* _WHAT YOU ARE ASKED TO DO_: Once you reach the line containing "13485518 carte postale" in the data below, restate each line word for word up to and including the one containing "Teslim törenine Çorum".

##### RECORDS PROVIDED #####

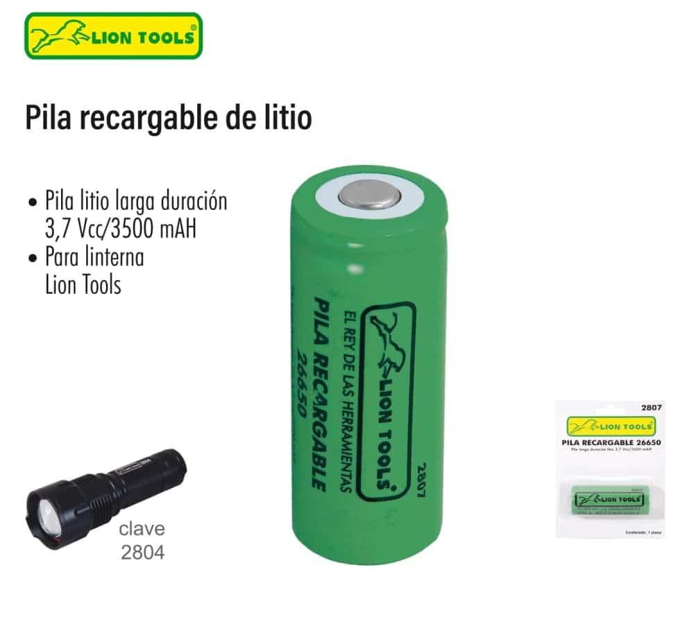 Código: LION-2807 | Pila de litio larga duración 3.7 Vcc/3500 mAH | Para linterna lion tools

#####
##### RECORDS PROVIDED #####

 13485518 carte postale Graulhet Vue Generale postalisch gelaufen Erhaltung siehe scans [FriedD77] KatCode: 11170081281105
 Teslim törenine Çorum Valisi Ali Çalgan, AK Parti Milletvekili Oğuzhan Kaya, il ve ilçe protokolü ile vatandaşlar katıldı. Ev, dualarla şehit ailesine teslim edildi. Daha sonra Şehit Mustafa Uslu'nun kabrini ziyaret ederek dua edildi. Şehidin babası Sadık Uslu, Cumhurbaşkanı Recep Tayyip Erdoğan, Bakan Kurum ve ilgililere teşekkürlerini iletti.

#####

* _ANSWER BOX_:
 13485518 carte postale Graulhet Vue Generale postalisch gelaufen Erhaltung siehe scans [FriedD77] KatCode: 11170081281105
 Teslim törenine Çorum Valisi Ali Çalgan, AK Parti Milletvekili Oğuzhan Kaya, il ve ilçe protokolü ile vatandaşlar katıldı. Ev, dualarla şehit ailesine teslim edildi. Daha sonra Şehit Mustafa Uslu'nun kabrini ziyaret ederek dua edildi. Şehidin babası Sadık Uslu, Cumhurbaşkanı Recep Tayyip Erdoğan, Bakan Kurum ve ilgililere teşekkürlerini iletti.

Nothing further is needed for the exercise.